» **DATA BELOW**:
════

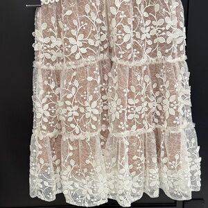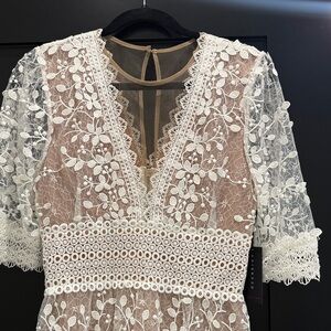 This elegant lace mini dress features intricate white floral patterns over a tan base, perfect for any special occasion. The delicate design and flattering fit make it a must-have addition to your wardrobe.
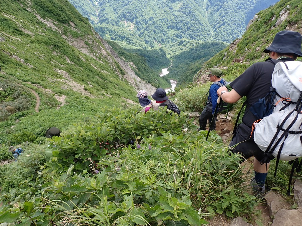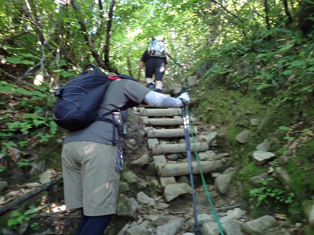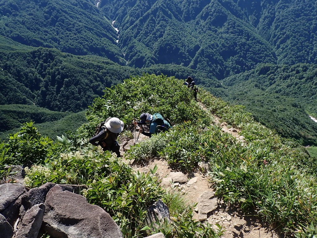 荒菅沢からはそこまで以上の急登が始まる。笹平までは急登の連続でハシゴ、ロープも登場した。標高1700mを過ぎると次第に樹林帯から出てきて、灌木帯に入る。青空に山の眺めも良く、特に尾根を上る登山者を見上げることができる景色は素晴らしい。だが、強い日差しには参った。岩場も多く気を遣う場面が増えてきたが、登山道脇の様々な花が登山者を和ませてくれた。
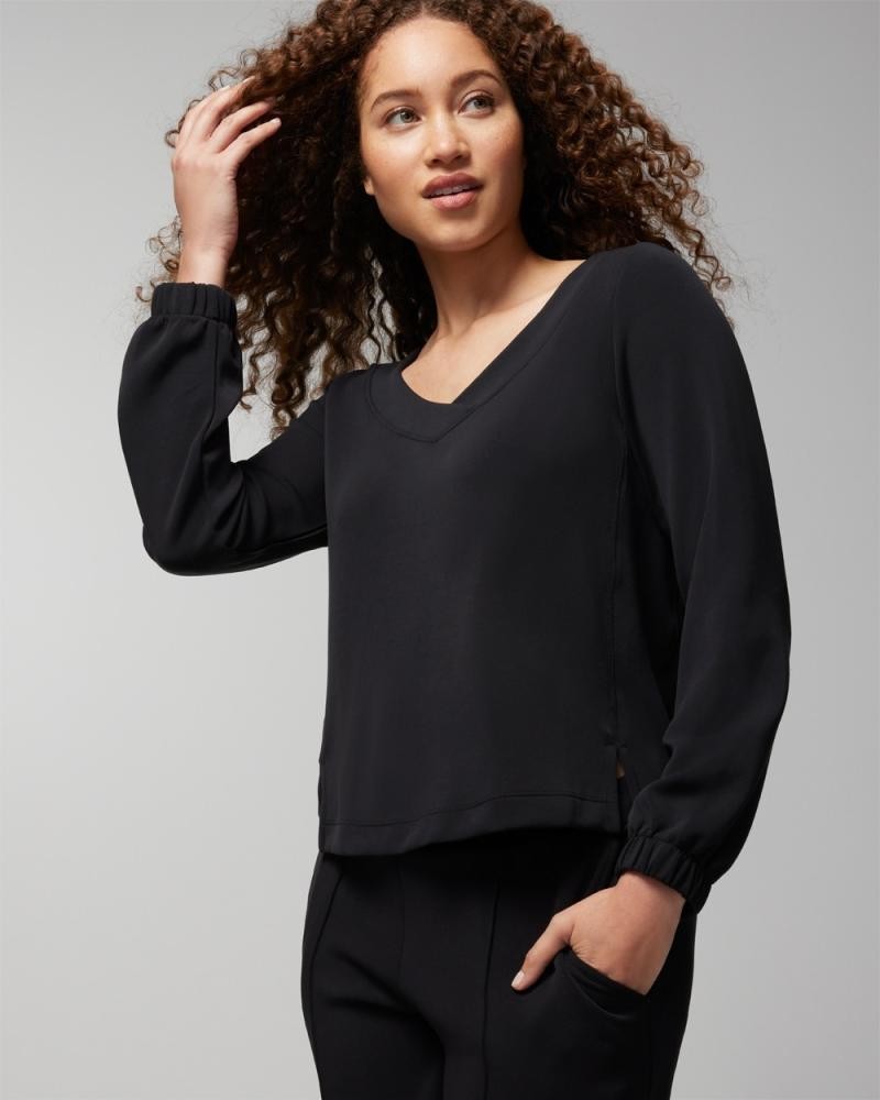 De perfecte herfstlaag wacht erop om aan je garderobe toegevoegd te worden. Onze Luxe Modal Sweatshirt is gemaakt van zachte suède stof die zorgt voor een behaaglijk gevoel en heeft verfijnde details zoals geplooide manchetten die een balans creëren tussen stijlvol en casual. Combineer hem met een legging of een pantalon voor een ultraveelzijdige laag.
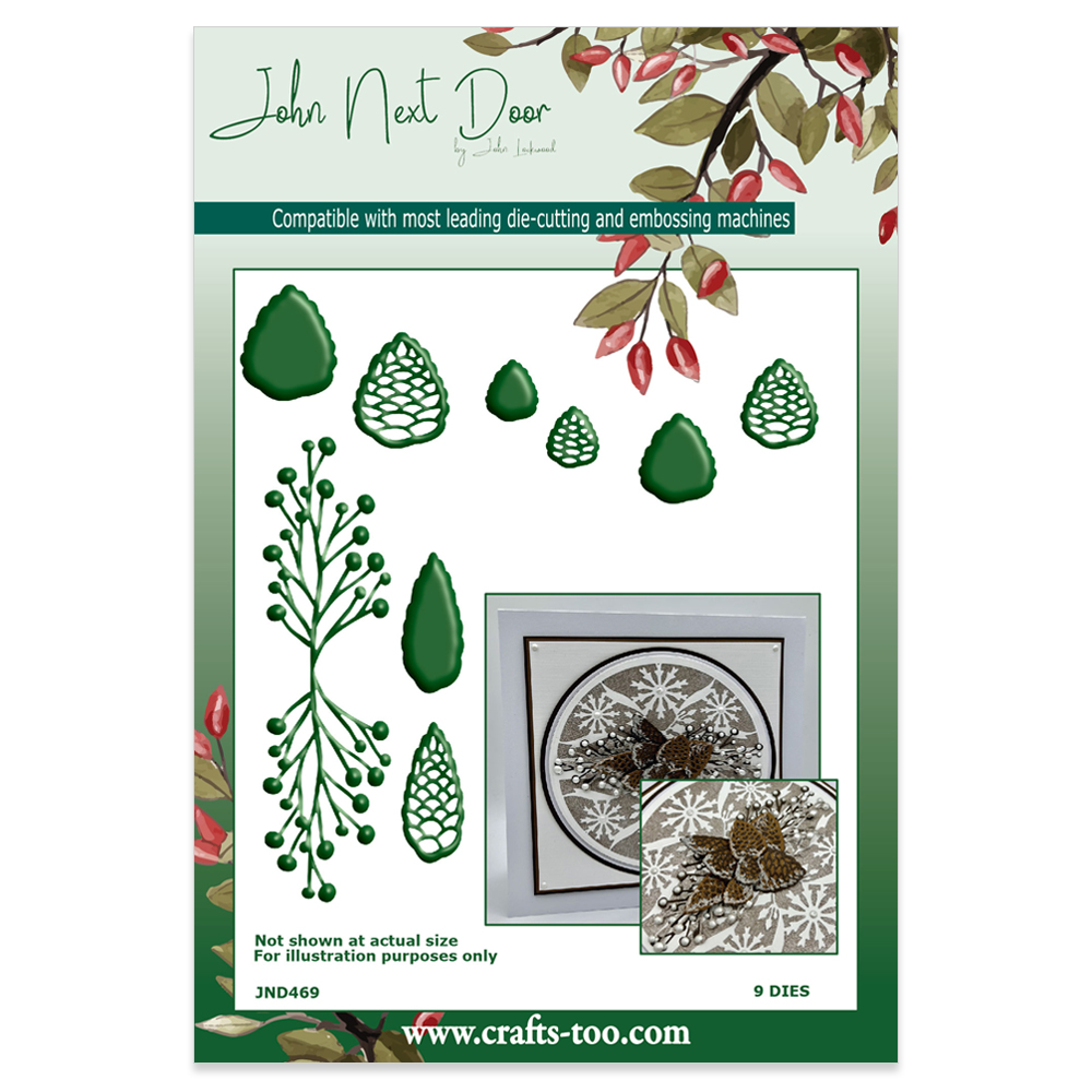 The John Next Door Deco Pinecones consists of 9 high quality die designed to make embellishments to your designs.

════

» **WHAT TO PRODUCE**:
Leaving out all pictures, repeat word for word the lines from the one containing "荒菅沢からはそこまで以上の急" through the final line of the material above.

» **EXERCISE OUTPUT**:
 荒菅沢からはそこまで以上の急登が始まる。笹平までは急登の連続でハシゴ、ロープも登場した。標高1700mを過ぎると次第に樹林帯から出てきて、灌木帯に入る。青空に山の眺めも良く、特に尾根を上る登山者を見上げることができる景色は素晴らしい。だが、強い日差しには参った。岩場も多く気を遣う場面が増えてきたが、登山道脇の様々な花が登山者を和ませてくれた。
 De perfecte herfstlaag wacht erop om aan je garderobe toegevoegd te worden. Onze Luxe Modal Sweatshirt is gemaakt van zachte suède stof die zorgt voor een behaaglijk gevoel en heeft verfijnde details zoals geplooide manchetten die een balans creëren tussen stijlvol en casual. Combineer hem met een legging of een pantalon voor een ultraveelzijdige laag.
 The John Next Door Deco Pinecones consists of 9 high quality die designed to make embellishments to your designs.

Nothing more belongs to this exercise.